An article by reporter Gretchen Morgenson published in the New York Times recently detailed whistleblowing at the Teachers Insurance and Annuity Association (TIAA). The retirement plan company is under fire for exerting pressure on employees and advisors to direct investors into higher fee generating accounts.
TIAA, a once non-profit, switched their business model a few years ago. After seeing assets leave to other advisors, TIAA decided to fight fire with fire: they started providing wealth management services for a fee.
Given the profit motive that may be influencing the recommendations they receive, TIAA’s participants should be made aware of incentives that might influence why a TIAA advisor might be calling or recommending a managed account. A managed account may very well be a suitable solution for many, but participants should be made aware that the company is offering these services at a higher cost and determine whether such services align well with their investment goals. The investor needs to understand what he or she is paying for and why. If not, then buyer beware.
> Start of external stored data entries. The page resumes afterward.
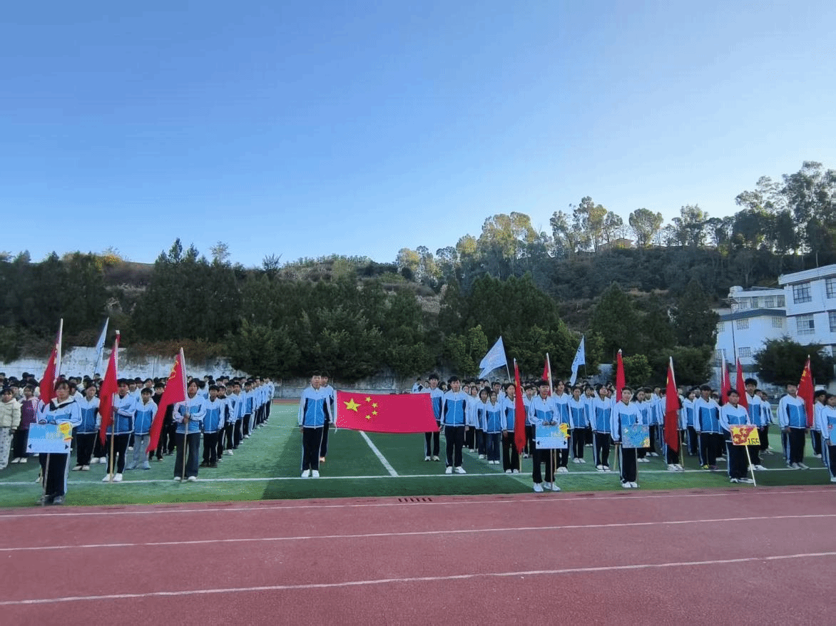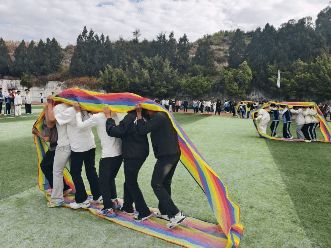 运动会当日,操场彩旗招展,全校师生共赴这场青春运动之约。开幕式上,各班方阵身着统一服饰,迈着整齐步伐、喊着嘹亮口号走过主席台,创意队形与昂扬面貌尽显少年蓬勃朝气。班级团体赛中,篮球操、广播操动作利落规范,三分钟跳绳银绳翻飞如弧,拔河赛场热血沸腾,队员奋力相持,拉拉队呐喊声震全场。趣味斗鸡活动热闹开赛,选手单脚角逐,灵活攻防引得欢呼不断。学生个人项目里,球类、短跑、仰卧起坐等赛事中,学子们拼尽全力突破自我。教师组拔河、手球、定点投篮等比赛同样亮眼,以行动为学生树立榜样,凝聚班级力量,拉近师生距离。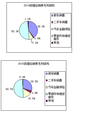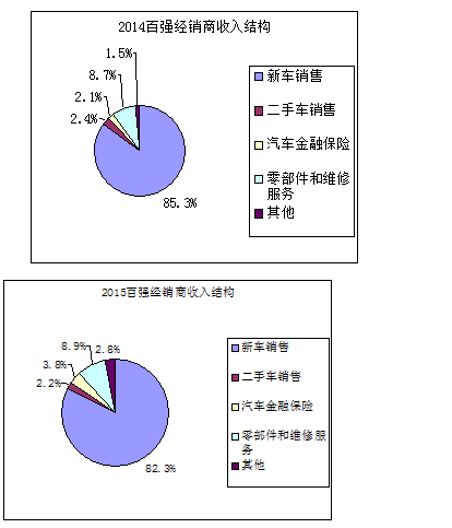 2014年百强的业务结构中,新车销售占了85.3%,2015年度是82.3%;二手车销售,2014年度是2.4%,2015年下降了0.2个百分点;零部件2014年度是8.7%,2015年度8.9%,上升了0.2个百分点;汽车金融和保险业务增长较大,2014年度是2.1%,2015年度是3.8%,提高了1.7个百分点。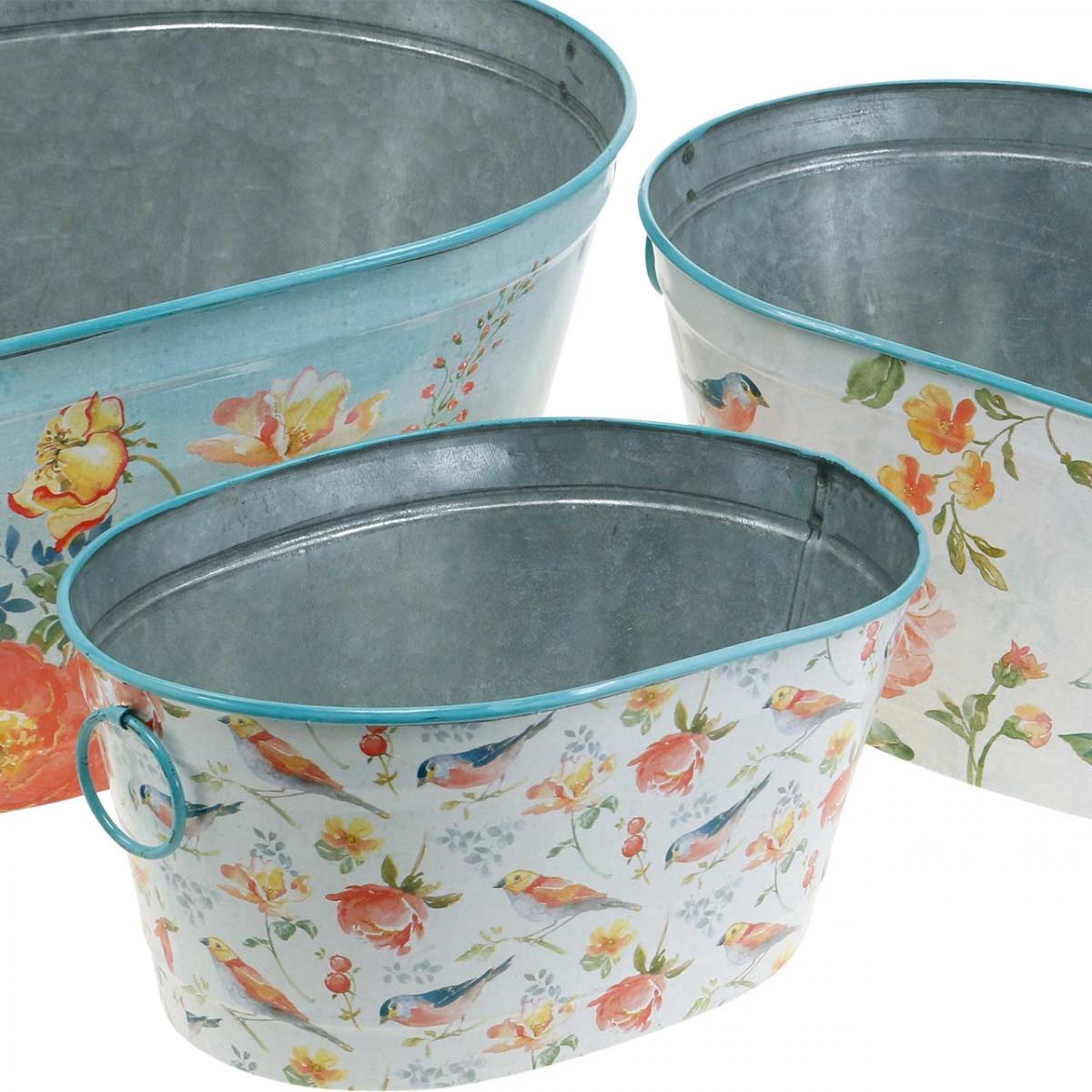 Pflanzschalen, Frühling, Pflanzkübel Blumen/Vögel, Metallgefäß oval L39/31/24,5cm 3er-Set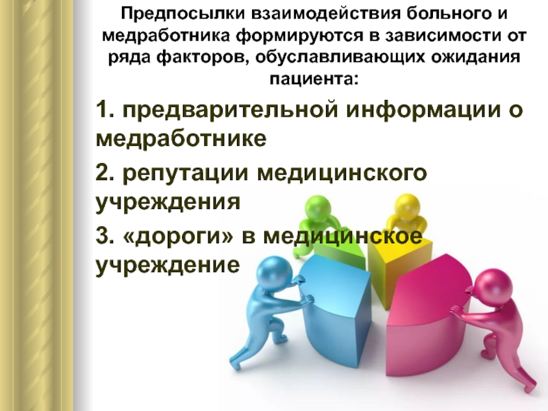 Слайд 5Предпосылки взаимодействия больного и медработника формируются в зависимости от ряда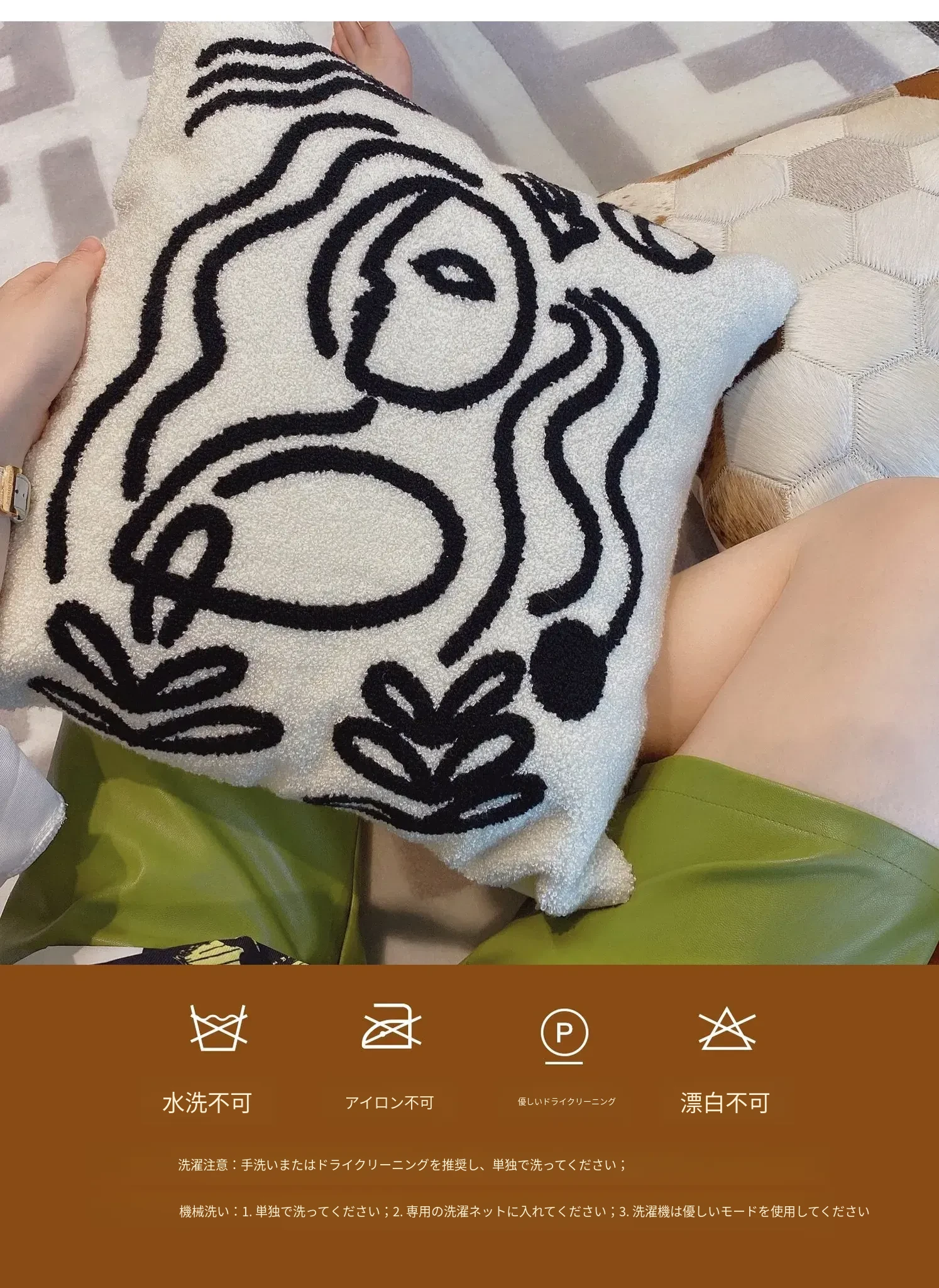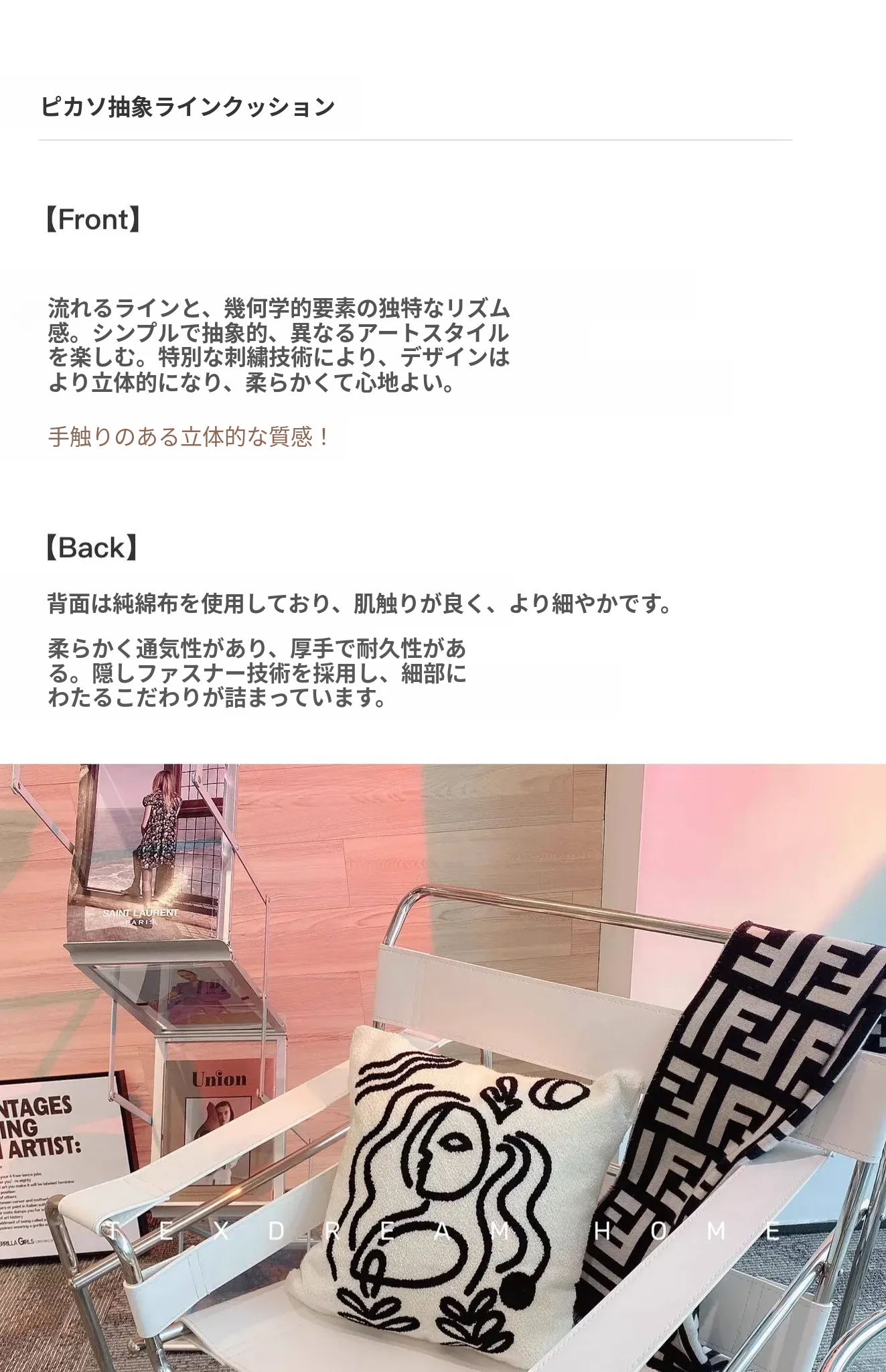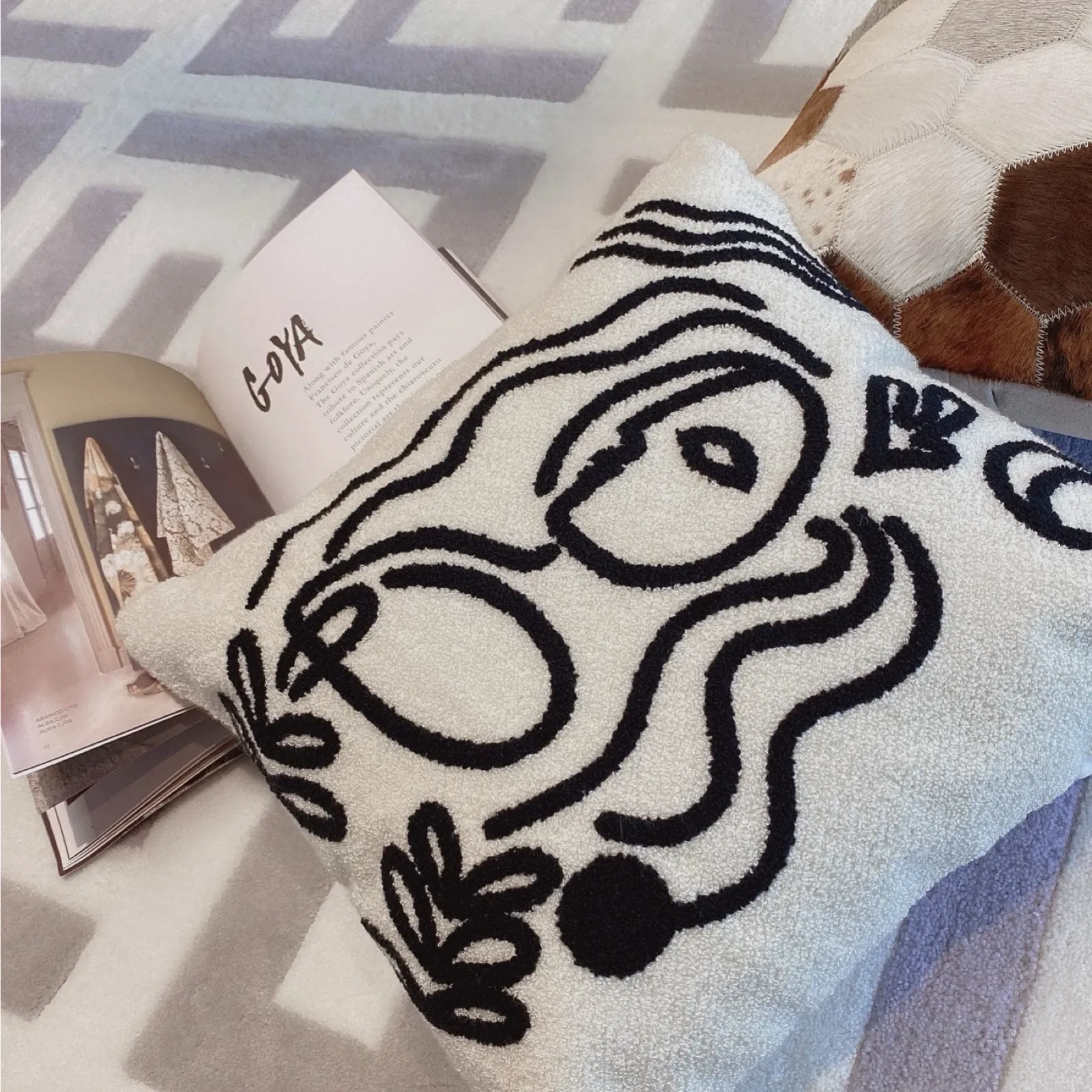 Texdreamのアティテュード ピカソ立体刺繍クッション 牛革ソファ用 リビングスタイルのミニマリストクッションで、居心地の良い空間を演出!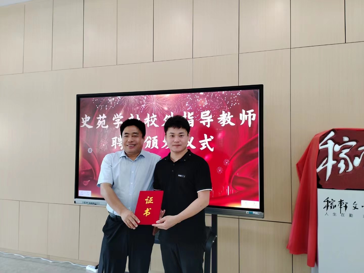 双方以“访企拓岗”促就业活动为契机,围绕学生培养、科研创新、社会实践等方面的具体合作需求和方向展开深入交流。 随后,王建阳与稼轩文学院主任周兵共同为大学生社会实践基地揭牌;王京传为稼轩文学院执行副院长赵怀宝颁发史苑学社校外指导教师聘书。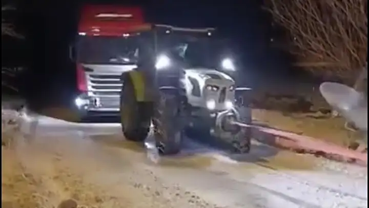 Elazığ'da yolda kalan tır, köy sakinleri ve İl Özel İdaresi ekiplerinin ortak çalışması ile kurtarıldı. Birbirine halatlarla bağlana kar küreme aracı ve 2 traktör, konvoy halinde ortak hareket ederek tırı kaldığı noktadan kurtardı.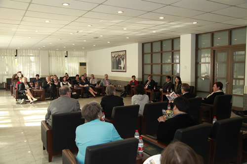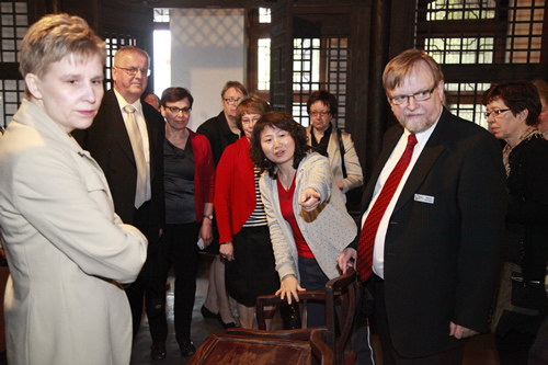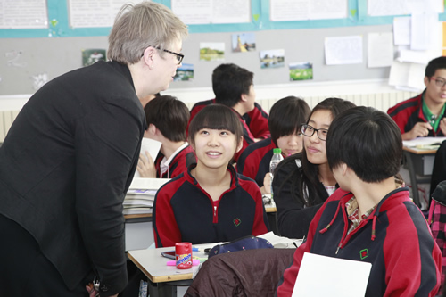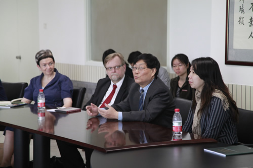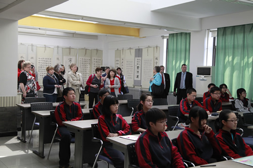 4 月 25 日上午,由芬兰教育服务专业人员协会组织的芬兰教育代表团一行 27 人来我校参观访问。该团主要成员为芬兰基础教育行政官员、中小学校长及部分教育专家。北京市国际教育交流中心刘洋老师陪同访问。我校刘沪校长在研修楼接待室会见芬兰教育团全体成员。随后,芬兰教育代表团在李华艳主任、况莉主任、冯健主任带领下,参观了我校的杏坛、三味书屋、美术教室和音乐教室。芬兰客人对我校的教学非常感兴趣,对师生的表现大为赞赏。参观后,我校领导与芬兰教育代表团成员就中芬教育差异、走班教学以及今后的合作交流进行了深入而热烈的讨论。周丽敏、曹浩文、刘文丽、于月芳老师参加了接待。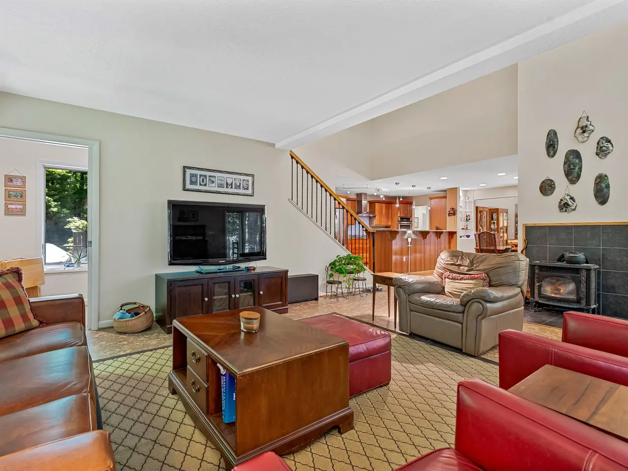 • Fireplace with natural stone surround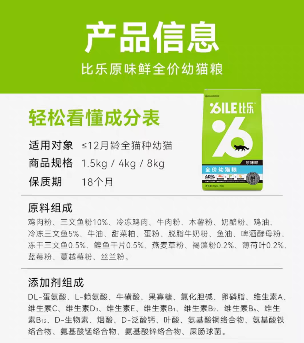 比乐 原味 幼猫粮1.5kg/8kg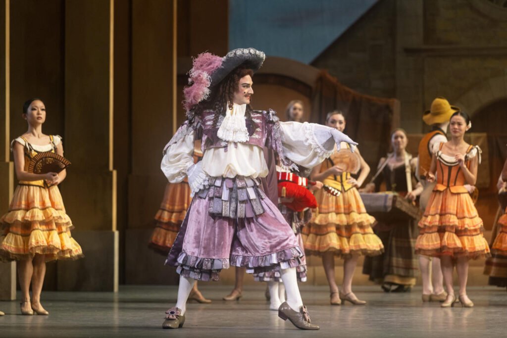 Narratively, Don Quixote remains one of ballet’s most charming bargains. In San Francisco Ballet’s own guide to the work, Kitri and Basilio are the central lovers, Lorenzo is the father standing in their way, Gamache the ludicrous aristocratic rival, Mercedes and Espada the glamorous side couple, and Don Quixote and Sancho Panza the wandering pair whose quest keeps colliding with the lovers’ story. In the dream scene, Don Quixote sees Kitri as Dulcinea, the idealized woman of his imagination.
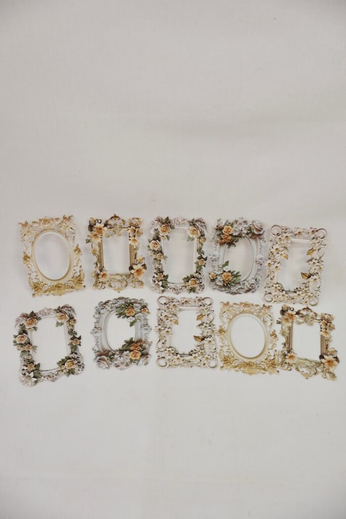 The kit also includes 10 ornate frame cutouts, each designed with beautiful floral and scroll details. These come in a variety of soft, vintage-inspired colors with hints of gold, cream, and muted greens. They’re perfect for highlighting photos, quotes, or special embellishments in your junk journal, giving your pages an elegant and timeless touch.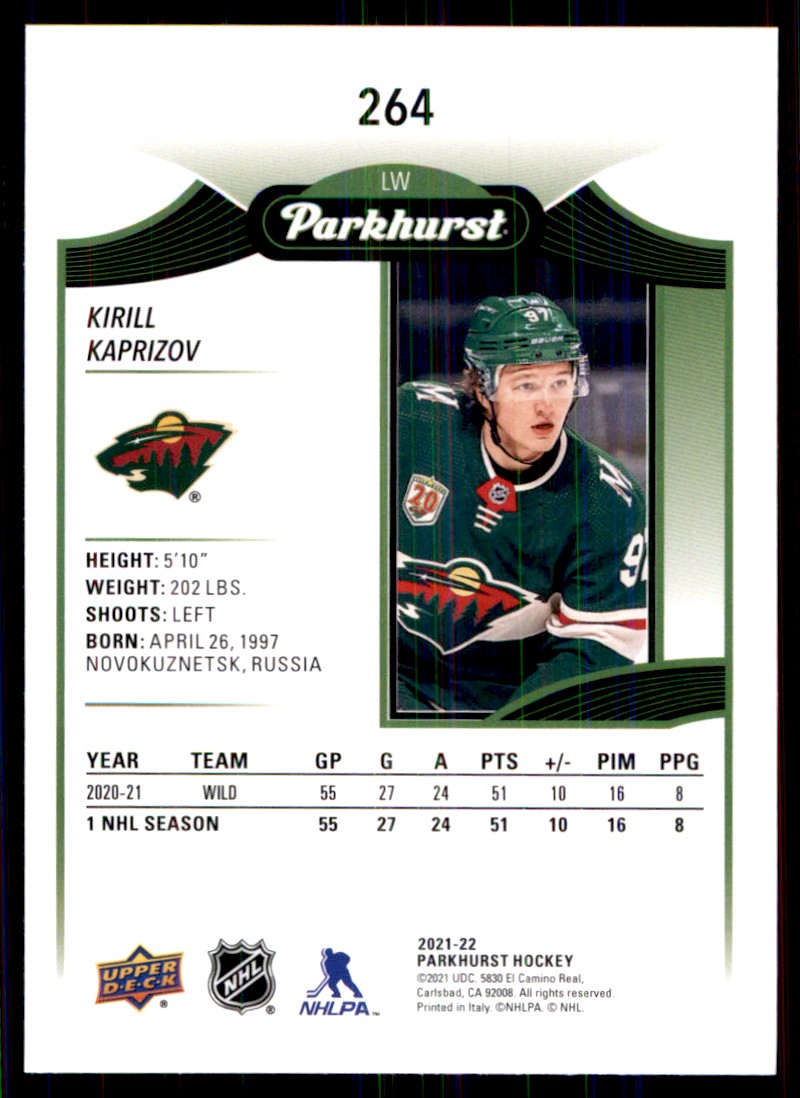 | 2021-22 Parkhurst Kirill Kaprizov Minnesota Wild #264 |

The whistleblowing that is driving these headlines serves to remind all investors of the need for full disclosure and unbiased financial advice. Because we are committed to putting our clients first, we at Fort Pitt always disclose the fees and costs associated with our services.
The NY Times article illustrates the need for investors to be attentive to fees, incentives, business models, and the philosophies of the companies with whom they choose to work — especially when it could affect their money over the long-term.